Lightspeed.

[Wyrm]

Er... in the comoving frame (i.e., comoving with the bulk of the matter of the universe), r' = Hr, where H is the (time-dependent) Hubble parameter, which has units of 1/time, so the separation velocity r' does have units of distance over time.

The Hubble constant the expansion rate, as I understand it. At least that's how MTW treats it. Yes, recesslional velocity does have units of distance over time, more on this in a sec.

You must have misunderstood. The Hubble constant isn't a rate of expansion, as it would have to have dimensions of [L/T] — and it doesn't: the usual units of the Hubble constant are (km/s)/Mpc, which has dimensions [(L/T)/L] = [1/T]. It's reciprocal is the Hubble time, which is to first order the age of the universe. (I find it unlikely that the Phone Book made such an elementary blunder.)

The true rate of expansion of the observable universe is the rate at which our absolute past expands.

[Paolo]

You must have misunderstood. The Hubble constant isn't a rate of expansion, as it would have to have dimensions of [L/T] — and it doesn't: the usual units of the Hubble constant are (km/s)/Mpc, which has dimensions [(L/T)/L] = [1/T]. It's reciprocal is the Hubble time, which is to first order the age of the universe. (I find it unlikely that the Phone Book made such an elementary blunder.)

Went back and checked: "One parameter close to the observations is the Hubble expansion rate today, i.e., the 'Hubble constant...' (p.772, MTW, emphasis theirs)

The true rate of expansion of the observable universe is the rate at which our absolute past expands.

Not sure what you mean by "absolute past," but if you're saying what I think you're saying then we should note that Hubble's parameter depends on comoving time and you can compute the conformal time coordinates by dividing out the time derivative of the scale factor and integrating from t = 0 to now in cosmological time. Correct?

[Kuroneko]

The Hubble constant the expansion rate, as I understand it.

The Hubble parameter is H = a'/a, where a = a(t) is the scale factor, and ' denostes differentiation with respect to cosmological time. This found in any other textbook; you almost-quote this from MTW later.

Went back and checked: "One parameter close to the observations is the Hubble expansion rate today, i.e., the 'Hubble constant...' (p.772, MTW, emphasis theirs)

That's correct. What I don't understand is why you perceive this to be a problem.

I just finished reading Davis and Lineweaver on this matter, and I guess they're talking about me and my textbooks, but my understanding is that we only arrive at superluminal velocities by dividing proper distance today by cosmological time, even though proper and comoving distance differ in the past.

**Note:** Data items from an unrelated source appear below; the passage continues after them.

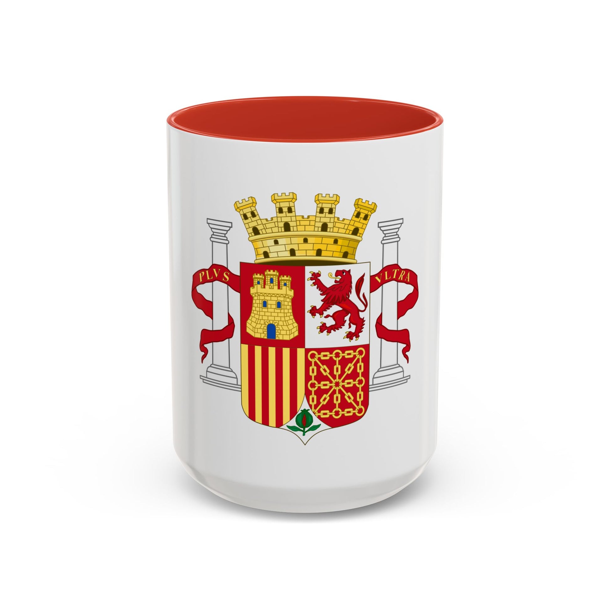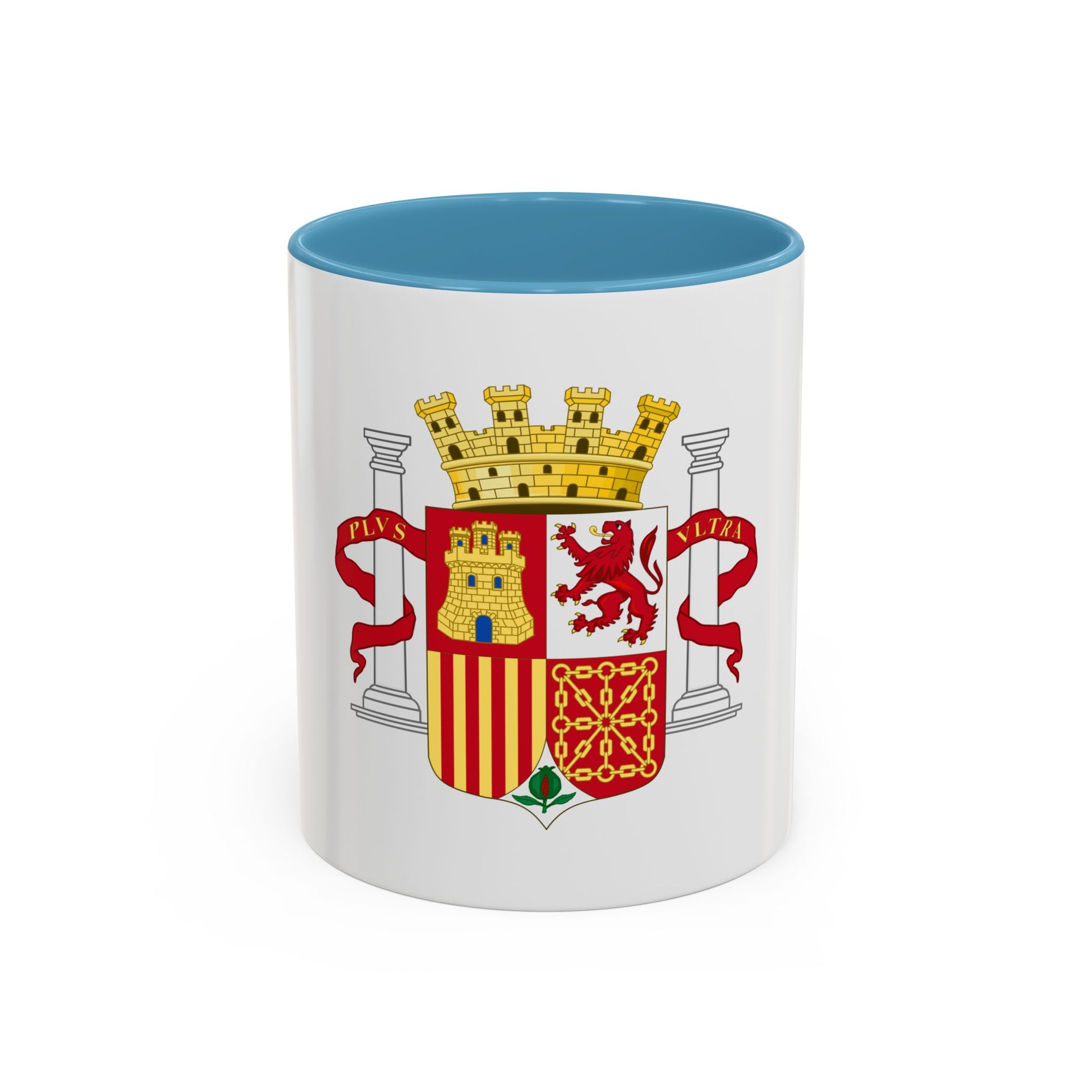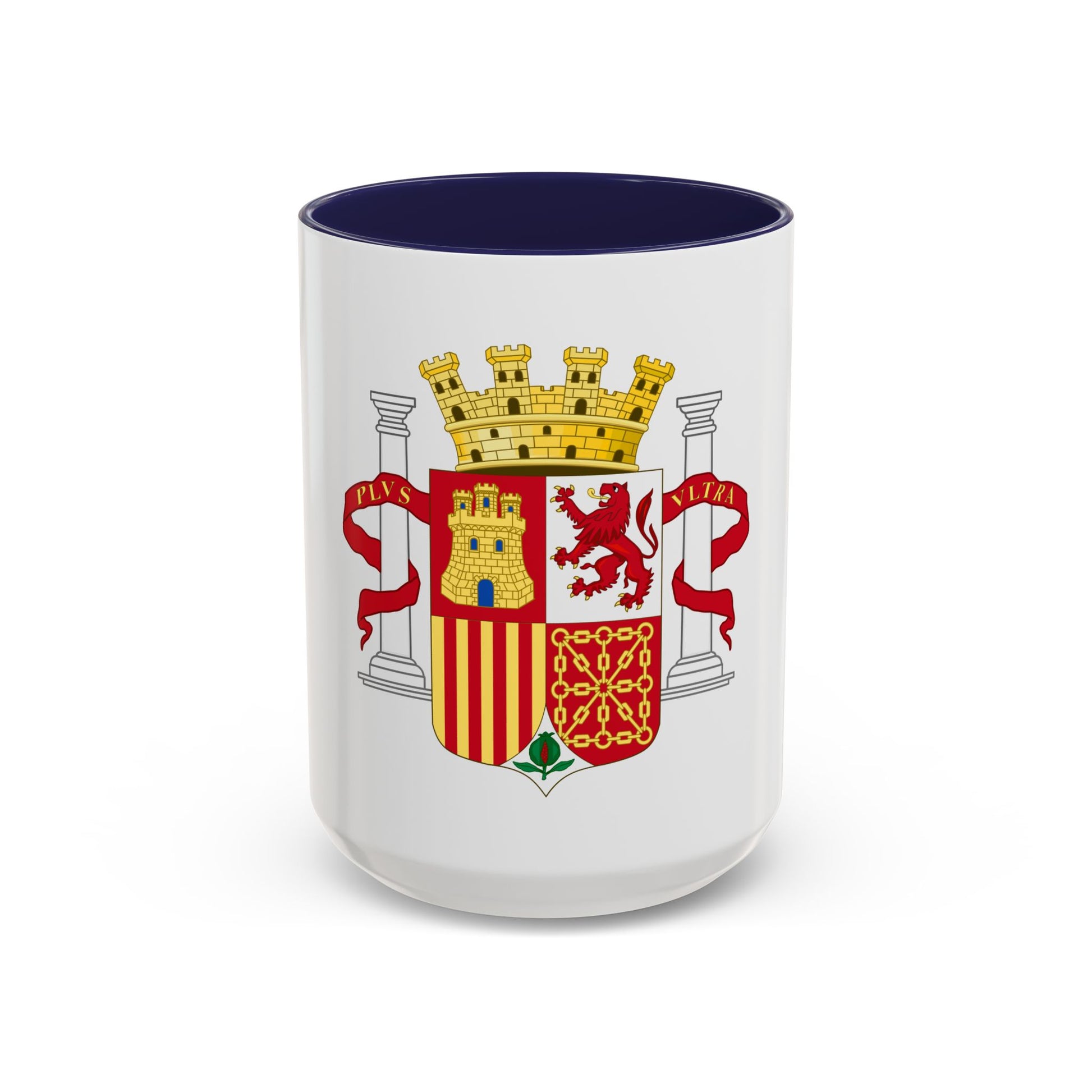 The Coat of Arms of Spain (1931-1939) adorns this accent coffee mug, offering a fascinating glimpse into the country's historical emblem during the Second Spanish Republic. This coat of arms, designed by Josep Obiols i Mores, is characterized by its vibrant colors and intricate details, symbolizing unity and sovereignty. The shield displays Spain's national motto, "Plus Ultra," emphasizing Spain's pioneering spirit and historical explorations beyond the known world. This unique coffee mug is perfect for anyone who appreciates unique and cool drinkware, as well as those with a keen interest in Spanish history and symbolism.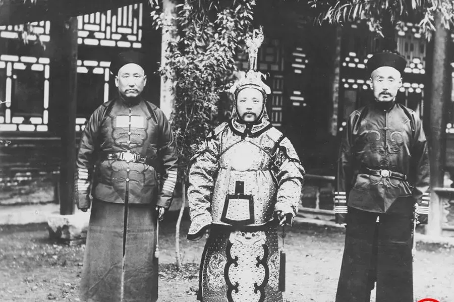 这个并排站着的组合,我更愿意叫新旧同框,中间的人披甲,左右的人束带,院子里树影斑驳,地上落叶一片片,站姿里透着拘谨也透着自豪,像一场戏要落幕了,演员还没卸妆就跑到后台照相,等到真正散场,衣箱一合,谁也不再提这身家伙什了,过去与现在就在这一步里换了位。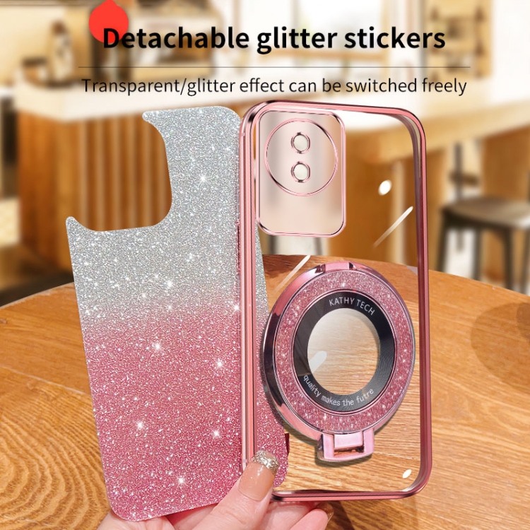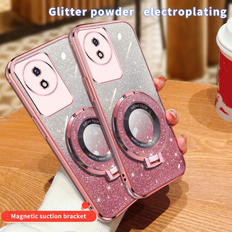 Funda para Teléfono de TPU con Soporte Redondo con Purpurina Degradada Plateada para Vivo Y02/Y11 2023 (Plateada)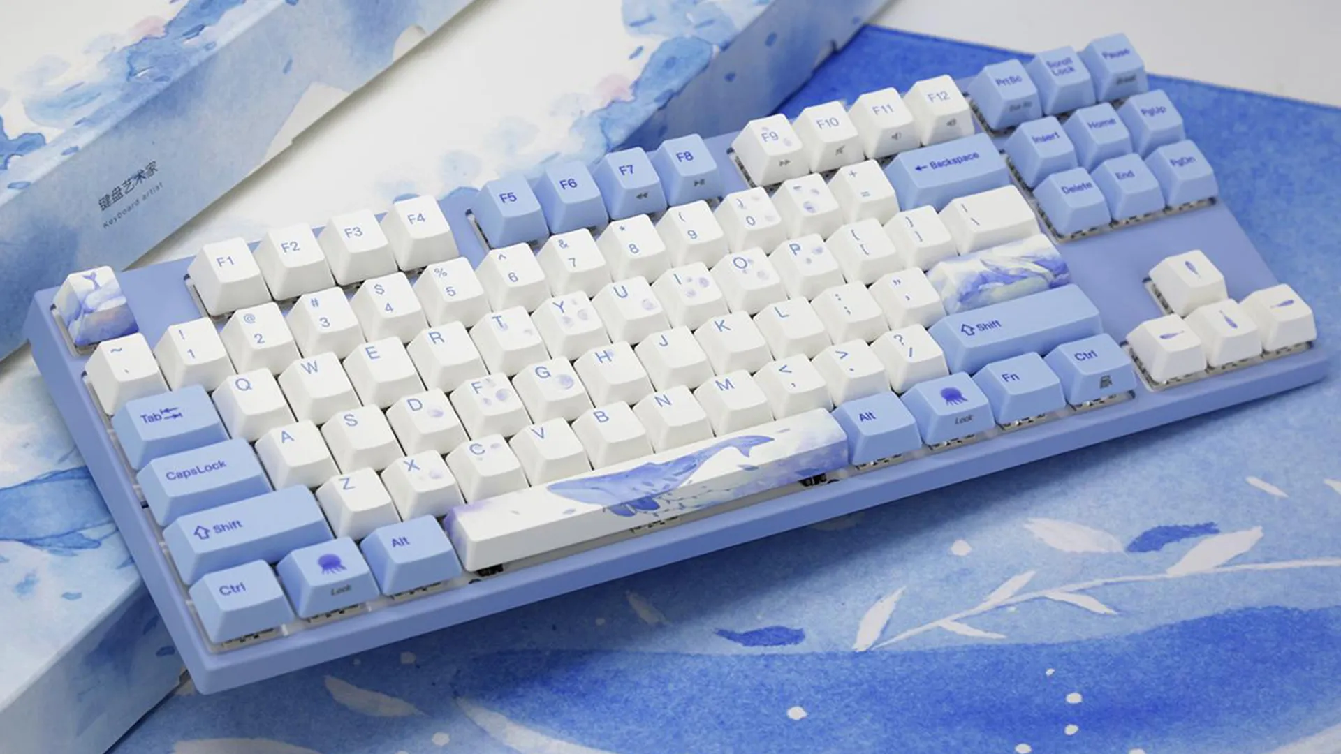 Дизайн на кейкапах Sea Melody рассказывает историю о гармонии жизни: умирая, киты падают на дно и продолжают служить другим жителям океана десятки лет. Так Varmilo передали не только цвет, но и дух бескрайних вод.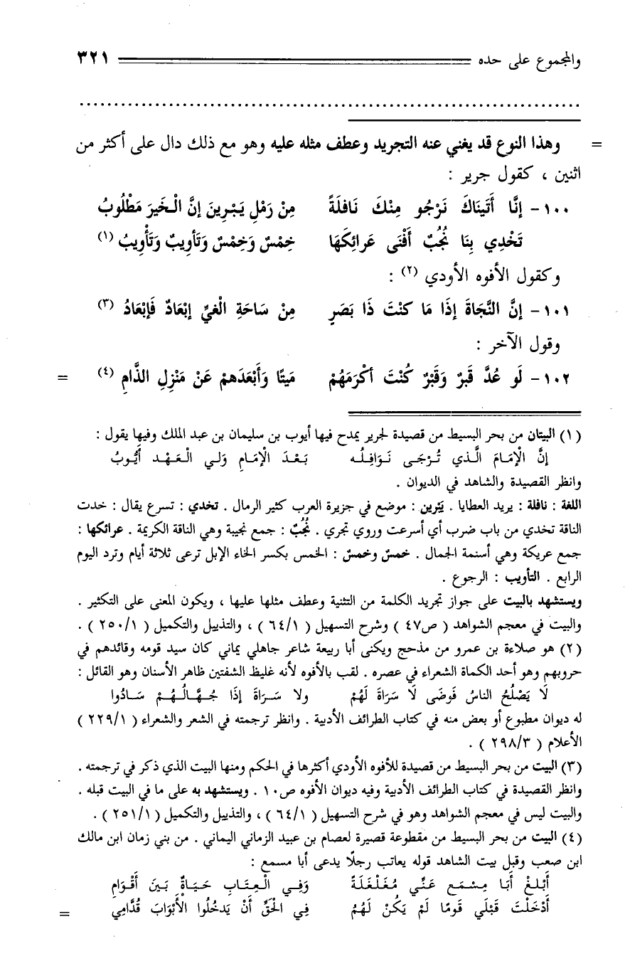 وهذا النوع قد يغني عنه التجريد وعطف مثله عليه وهو مع ذلك دال على أكثر من اثنين، كقول جرير: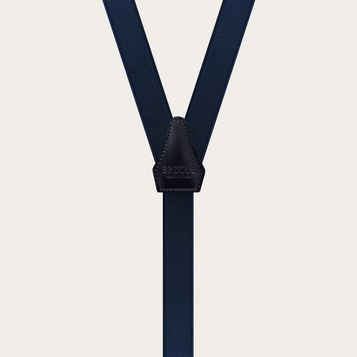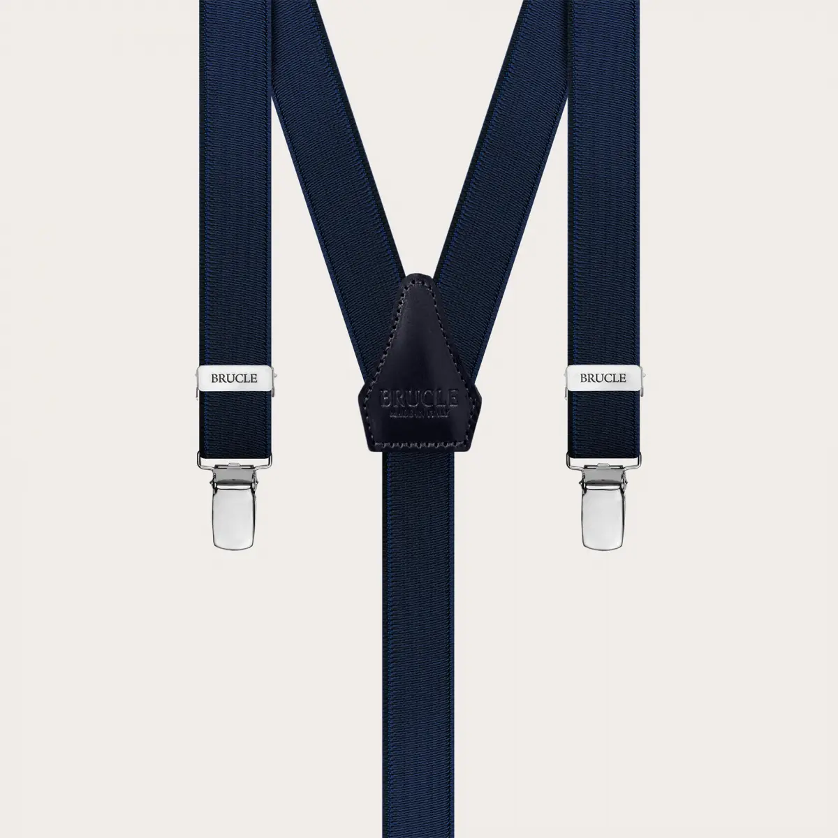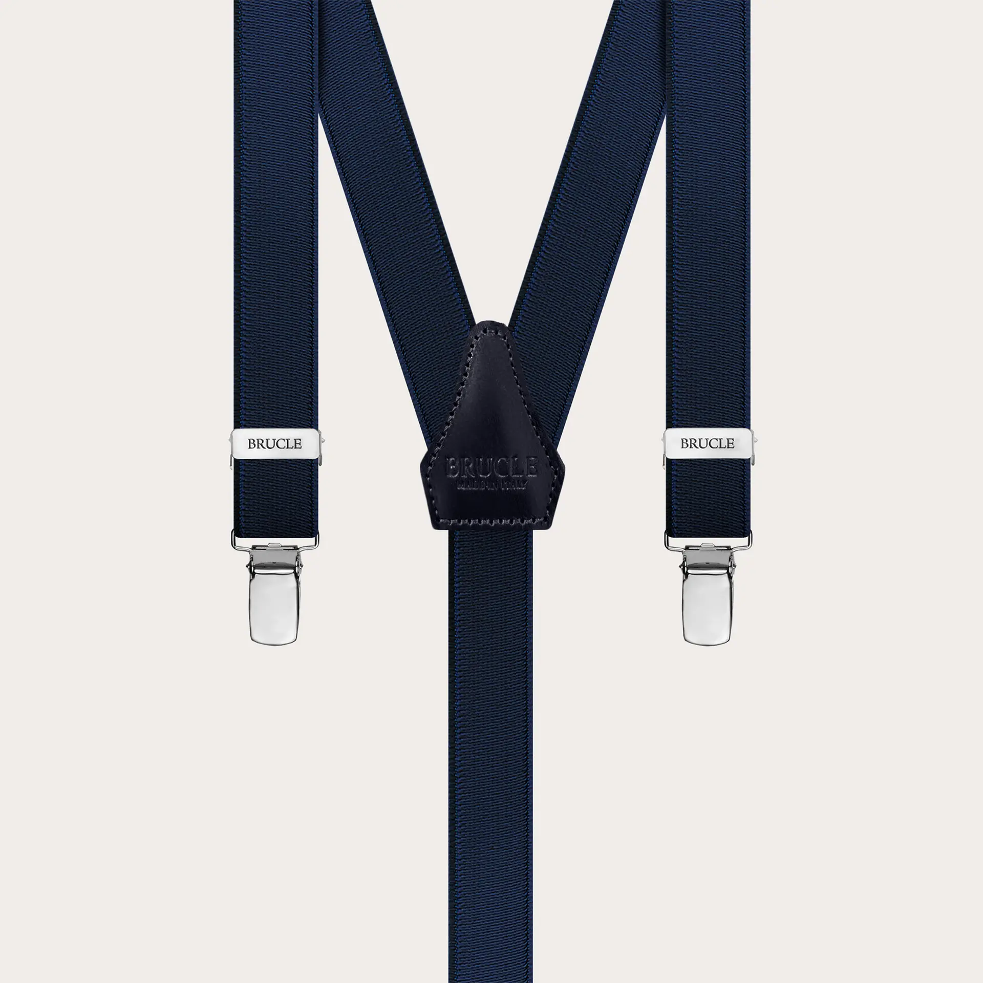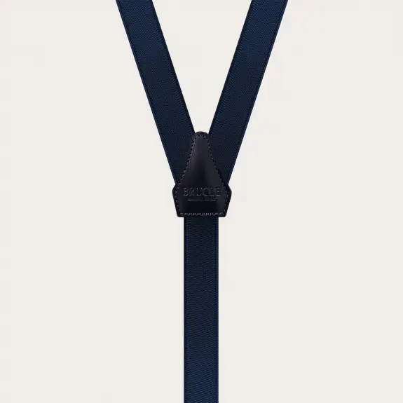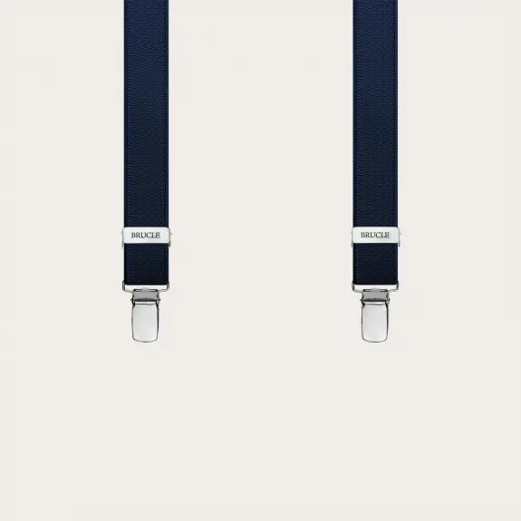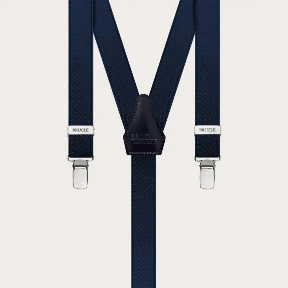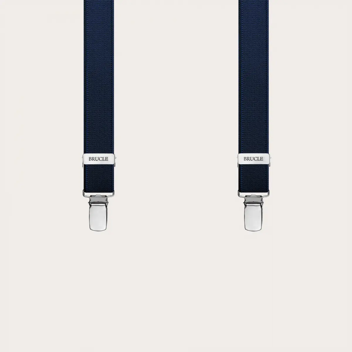 Enge Hosenträger aus elastischem blauem Satin, nur Clips

Let me explain procedurally what I mean and then you can see if you mean something else. By 'at rest', I mean at rest relative to the bulk of the matter in the universe (which is simple in FRW models, as they're homogenous), and by 'cosmological time', I'm referring to time as measured by an observer at rest. Suppose we have two particles, both at rest. Then, at any instant of cosmological time t, we can calculate the length of the shortest spacelike geodesic between the two particles, and call it 'proper distance' R = R(t).
Result: R(t) = [a(t)/a(t₀)]R(t₀).
Conclusion: R'/R = a'/a = H(t), where H(t) is the Hubble parameter.
Addendum: "Separation velocity" between particles at rest would be v_r(t) = H(t)R(t). "Peculiar velocity" adds to this for particles that are not at rest with the bulk of the matter in the universe.

I'm not sure what you're doing; it sounds like you're taking R/t instead of dR/dt, which makes no sense. (Although that would explain why you thought that it had very little physical meaning.) Note that all of the above still works even in FRW models that had no Big Bang, and can even be generalized to any spacetime that can be foliated by spacelike surfaces, except that we lose the scale factor in that case.